In the path of life, many milestones come our way. From graduation, to that time you get the first job, the time you get married, get a family but there is a milestone that shakes your wit and it’s an abrupt job loss.
Employment in Uganda is hard to come by. Every year universities churn out graduates. Online courses are becoming the order of the day and this isn’t matched by new companies coming up. In the government, employees work till they are 60 so one has to wait for decades to get that job they really want. The unemployment rate for young people ages 15–24 is 83%. This rate is even higher for those who have formal degrees and live in the urban area. This is due to the disconnect between the degree achieved and the vocational skills needed for the jobs that are in demand for workers. Informal sector work accounts for the majority of young workers in Uganda. 3.2% of youth work for waged employment, 90.9% work for informal employment, and 5.8% of the Ugandan youth are self-employed.

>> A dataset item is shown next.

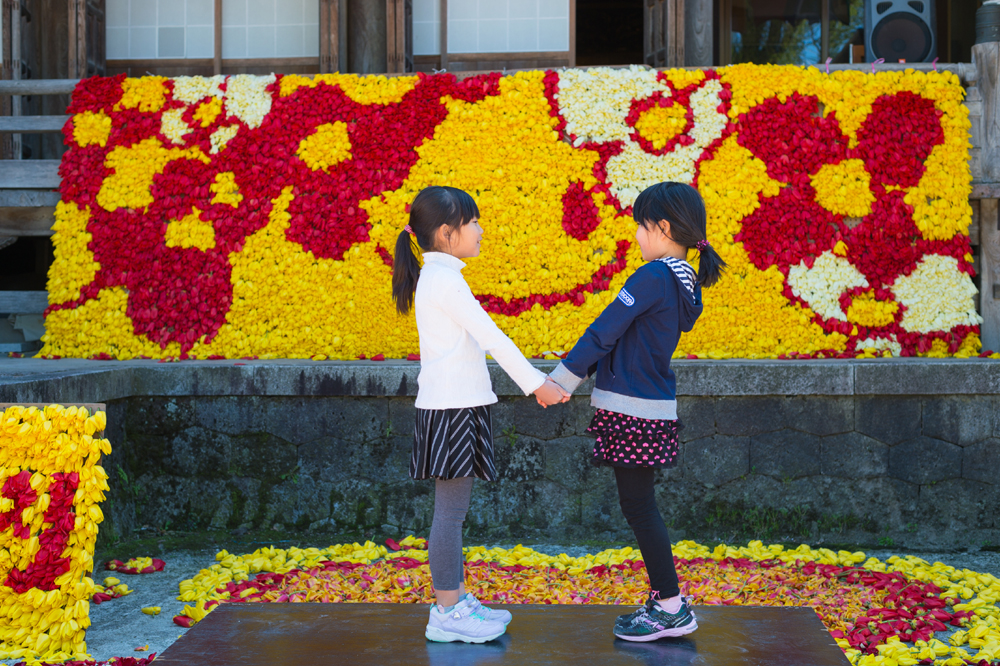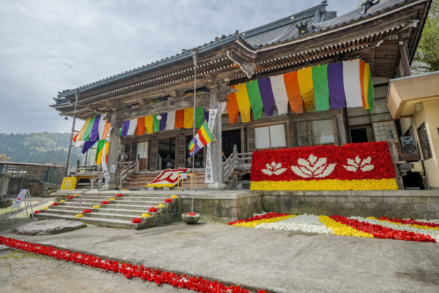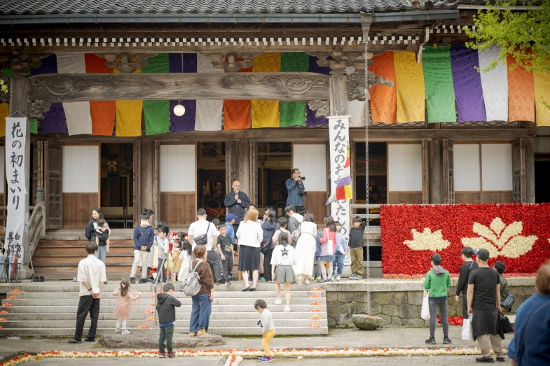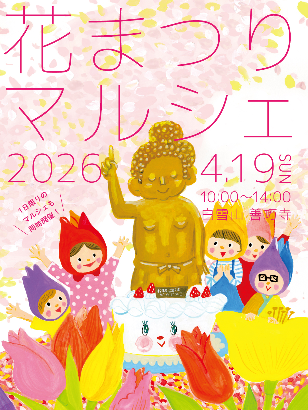 お釈迦さまの誕生をご縁に、どなたでも自由に楽しめる一日です。春の花に囲まれながら、美味しいもの、素敵な雑貨など、様々な出店者がお待ちしています。本堂ではおごそかな儀礼が行われ、しめくくりは、チューリップシャワーで爽快に幕を閉じます。

Many people find themselves in despair if laid off from their jobs as it’s not always easy to get another job. Joanna Akankwasa lost her job in an abrupt lay off of over 30 of the employees of a government parastatal in June 2014. “I was called from the office of Human resources that afternoon. We had been told by email that some of us would be laid off. I knew I had been affected. I felt like my world was crumbling when I was told the news. I wanted the ground to swallow me. I couldn’t believe that right that minute I was unemployed. I had worked at the same job for 6 years from university and I knew no other work place. The only thing that kept me alive was the few savings I had and the family support I got after. There are days I went hungry. I resorted to applying for online jobs because the cost of photocopying documents, the transport to the offices and the dresses to appear responsible enough. Only the thought of knowing I would probably be depressed forever and lose more than gain is what kept me together”.
Here are tips on how to cope such a catastrophe.

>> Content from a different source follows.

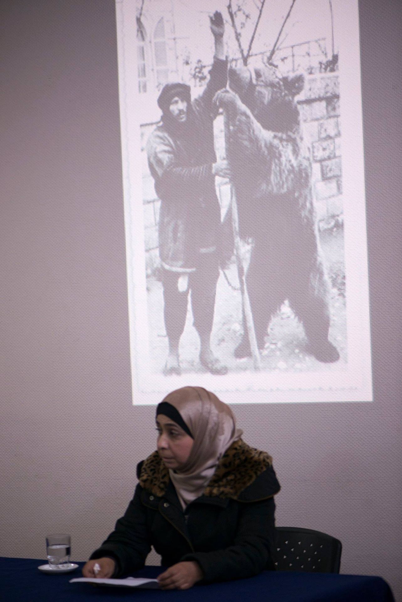أقيمت في حركة البناء الوطني مساء أمس الأربعاء أمسية جديدة من الفعالية الأدبية الشهرية "حكايا الصور". وقُدم في الأمسية ستة حكايا مميزة عن الصورة الملتقطة في ثلاثينات القرن الماضي في محيط مدينة حلب في زمن كان فيه الدب السوري "أو ما يسمى الدب الأوراسي وهو من فصيلة الدب البني" جزءاً من الحياة البرية السورية، ولم يكن مشهد المروَّض الجوّال مع دبه من المشاهد النادرة في القرى والمدن السورية، علماً أن هذا المظهر اختفى منذ ستينات القرن الماضي مترافقاً مع انقراض الدببة من الحياة البرية في منطقتنا.

- Have a net work of friends and family.
Through this trying time, some people may not pick your phones because they aren’t true friends and they know you aren’t going to give them much but most probably take from them. Surround yourself with true friends and relatives that believe in you and remind you of your true worth.

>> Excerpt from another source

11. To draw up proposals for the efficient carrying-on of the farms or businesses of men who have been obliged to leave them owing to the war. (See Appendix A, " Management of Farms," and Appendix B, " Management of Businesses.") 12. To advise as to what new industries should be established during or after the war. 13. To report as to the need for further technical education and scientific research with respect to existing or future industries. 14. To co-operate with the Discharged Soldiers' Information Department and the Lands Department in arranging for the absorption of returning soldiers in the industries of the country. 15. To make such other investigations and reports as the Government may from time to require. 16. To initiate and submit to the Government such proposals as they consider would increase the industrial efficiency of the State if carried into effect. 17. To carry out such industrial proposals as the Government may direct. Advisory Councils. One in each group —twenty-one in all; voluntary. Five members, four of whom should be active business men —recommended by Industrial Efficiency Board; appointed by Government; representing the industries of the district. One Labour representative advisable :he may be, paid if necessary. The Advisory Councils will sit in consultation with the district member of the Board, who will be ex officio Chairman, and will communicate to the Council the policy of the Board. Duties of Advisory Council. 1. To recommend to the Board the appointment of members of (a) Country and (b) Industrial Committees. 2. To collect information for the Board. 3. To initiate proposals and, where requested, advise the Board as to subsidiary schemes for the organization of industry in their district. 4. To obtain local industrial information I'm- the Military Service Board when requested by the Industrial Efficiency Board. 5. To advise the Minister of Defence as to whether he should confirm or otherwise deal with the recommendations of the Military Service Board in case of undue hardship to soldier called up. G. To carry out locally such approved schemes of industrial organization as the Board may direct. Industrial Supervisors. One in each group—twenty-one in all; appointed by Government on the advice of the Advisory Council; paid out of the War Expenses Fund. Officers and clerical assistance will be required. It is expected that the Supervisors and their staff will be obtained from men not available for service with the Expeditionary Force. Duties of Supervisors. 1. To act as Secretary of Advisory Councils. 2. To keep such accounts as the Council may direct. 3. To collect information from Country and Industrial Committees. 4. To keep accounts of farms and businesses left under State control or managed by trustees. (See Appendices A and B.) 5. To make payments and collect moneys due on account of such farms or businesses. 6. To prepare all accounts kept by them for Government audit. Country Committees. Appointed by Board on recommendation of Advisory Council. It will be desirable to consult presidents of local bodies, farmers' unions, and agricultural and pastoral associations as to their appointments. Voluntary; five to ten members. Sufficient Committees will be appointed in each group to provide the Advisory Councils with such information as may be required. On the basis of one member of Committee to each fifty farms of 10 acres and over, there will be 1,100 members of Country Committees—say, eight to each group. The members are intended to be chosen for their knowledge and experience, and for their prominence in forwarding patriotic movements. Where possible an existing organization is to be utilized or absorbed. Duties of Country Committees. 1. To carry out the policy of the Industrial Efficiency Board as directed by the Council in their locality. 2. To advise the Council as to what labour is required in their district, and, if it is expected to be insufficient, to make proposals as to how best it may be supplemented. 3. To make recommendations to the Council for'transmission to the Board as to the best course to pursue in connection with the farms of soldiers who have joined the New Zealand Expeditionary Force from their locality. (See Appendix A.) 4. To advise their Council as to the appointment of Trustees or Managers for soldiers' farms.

2. Try to make your hobby into an income generating activity.
The education sector in Africa and Uganda in particular focuses so much on theoretical presentation of knowledge. They also focus on careers that will make you an employee and not an employer like medicine, Engineering leaving alone the arts like music, dance, writing and visual arts. Look for a way to make your hobby give you money. This will keep you busy and will also bring back the confidence that could have been eroded away by the whole experience you are going through.
3. Volunteer in an organization near your locality.
Most companies always could do with volunteers and this too will keep you occupied and active in the job world. Volunteering also exposes you to so many people and you can use it as a platform to meet new people which can lead you to your next job.
4. Join job connecting platforms.
Thanks to social media there are very many Facebook pages, websites and blogs and Google groups to get job openings. Buying news papers may be so costly but following online job platforms can be less costly. Don’t be afraid to tell people that you need a job so that they can link you up.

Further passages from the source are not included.